There are a number of different types of DNS resource records, but we’re going to focus on two of the most commonly used records:
- A Record: this is the main and most important resource record in your domain’s DNS zone. The “A” stands for address and this record will contain the IP address of the device hosting your main website.
Example of an A Record:
- MX records are mail exchange records and will contain a hostname. They define which mail servers handle incoming emails to your domain. If you want to be able to receive email from an address using your domain name, you’ll need to have properly configured MX records.
Example of an MX Record:
There are dozens of other DNS resource record types available, including CNAME and TXT records, which are sometimes used with hosting accounts to establish domain ownership, or to enhance email security, but we’ll save those geeky technical details for a later article.

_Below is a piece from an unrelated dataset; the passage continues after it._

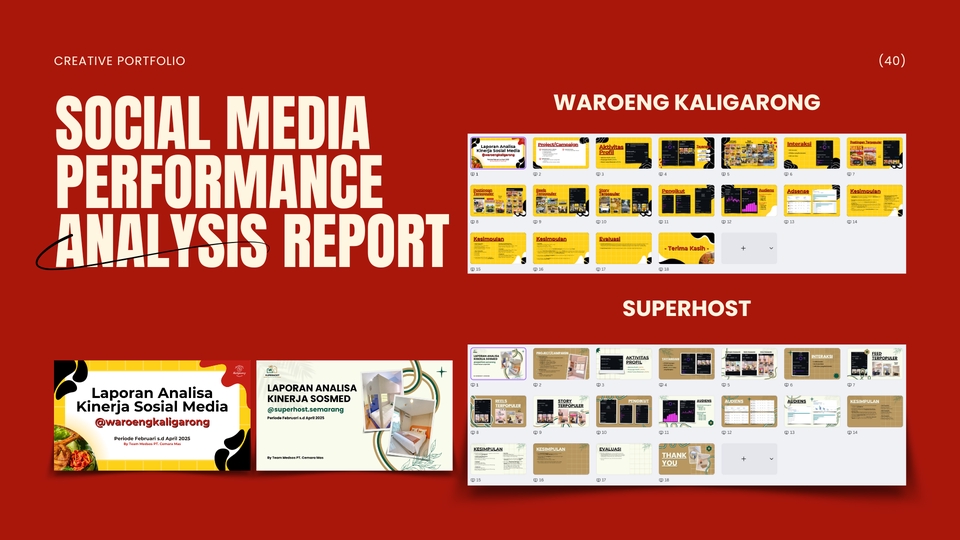 Hallo, saya merupakan Digital Marketer/Content Creator yang telah berpengalaman selama lebih dari 2 tahun dalam pengelolaan sosial media perusahaan. Saya telah dipercaya untuk mengelola 4 akun sosial media perusahaan dalam bidang F&B & property. Berhasil meningkatkan penjualan 3 merek restoran dengan total 7 cabang hingga 60%, berhasil menjual habis 27 kamar kost dalam waktu 4 hari serta menjual unit apartemen serta penginapan harian kepada lebih dari 75 tamu (terus bertambah) melalui pengembangan konten kreatif yang tepat sasaran, menarik & mengikuti trend terkini. Saya bisa membantumu para bussiness owner, brand, perusahaan, instansi, UMKM/lainnya dalam pengelolaan sosial media meliputi pembuatan content plan, content writing, copywriting, caption & content marketing yang sesuai dengan kebutuhanmu.

How can I change my domain’s DNS Resource Records?
You may occasionally need to change your domain’s DNS resource records.
Common reasons for changing DNS records include pointing your website to a specialized service provider (like a website builder or third party e-commerce platform) or switching your email service provider (to Microsoft 365 or G Suite, for example).

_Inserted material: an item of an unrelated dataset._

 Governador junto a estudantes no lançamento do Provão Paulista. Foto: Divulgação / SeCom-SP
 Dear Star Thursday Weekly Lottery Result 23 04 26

How you can execute this change will depend on how your domain and DNS are set up. In most cases, you’ll connect to your domain name or hosting provider’s client portal, look for a zone or DNS editor, and then fill out the new resource record information as instructed by your new service provider.
If your domain is registered with Web Hosting Canada, consult How to change DNS Records with the Zone Editor for step-by-step instructions.
What is DNS Propagation?
DNS propagation is the process through which changes to DNS records or nameservers take effect on all networks around the world. It usually involves a delay that can vary from a few seconds to a few hours, depending on where you are in the world and how your Internet-enabled device is configured.
In short, when changing a DNS record, don’t expect instant results all over the world. The process often takes several hours to propagate everywhere and in some cases can take over 24 hours, because of how some DNS services memorize (or cache) DNS records.
The propagation process can be accelerated by reducing a setting on your DNS records called the Time to Live (or TTL), at least a day in advance of making your changes. This setting provides a suggestion for how long other secondary DNS services should save old entries, so reducing it increases your chances of applying the changes faster. Unfortunately, not all DNS services interpret TTL values the same way, so specific results can’t be guaranteed.
TTL is defined in seconds, so common values are 3600 (1 hour), 86400 (1 day), or 60 (1 minute). Setting this value to 60 at least one day before your DNS change can help reduce DNS propagation delays. Setting it back to 3600 or 86400 once your change has finished propagating is also recommended, in order to reduce the number of requests handled by your authoritative DNS service.
DNS Resolution Steps
Now that you understand the basic components of DNS, let’s see how a DNS request gets handled from the moment you type in a website address in your browser’s address bar to the moment its content is displayed on your screen. We'll work with "example.ca" as the domain name:
- Is the website "example.ca" available in your browser’s cache (memory)? If so, instantly display it; otherwise proceed to next step
- Is the website’s DNS information available in your computer or router’s cache (memory)? If so, use it to obtain the website’s IP and proceed to the last step
- The DNS resolution process begins:
- Query your primary DNS resolver (its location is defined on your device’s operating system) for the the domain’s IP address (found within its DNS A Record). The DNS resolver service is often provided by your Internet Service Provider (Bell, Telus, Vidéotron, etc)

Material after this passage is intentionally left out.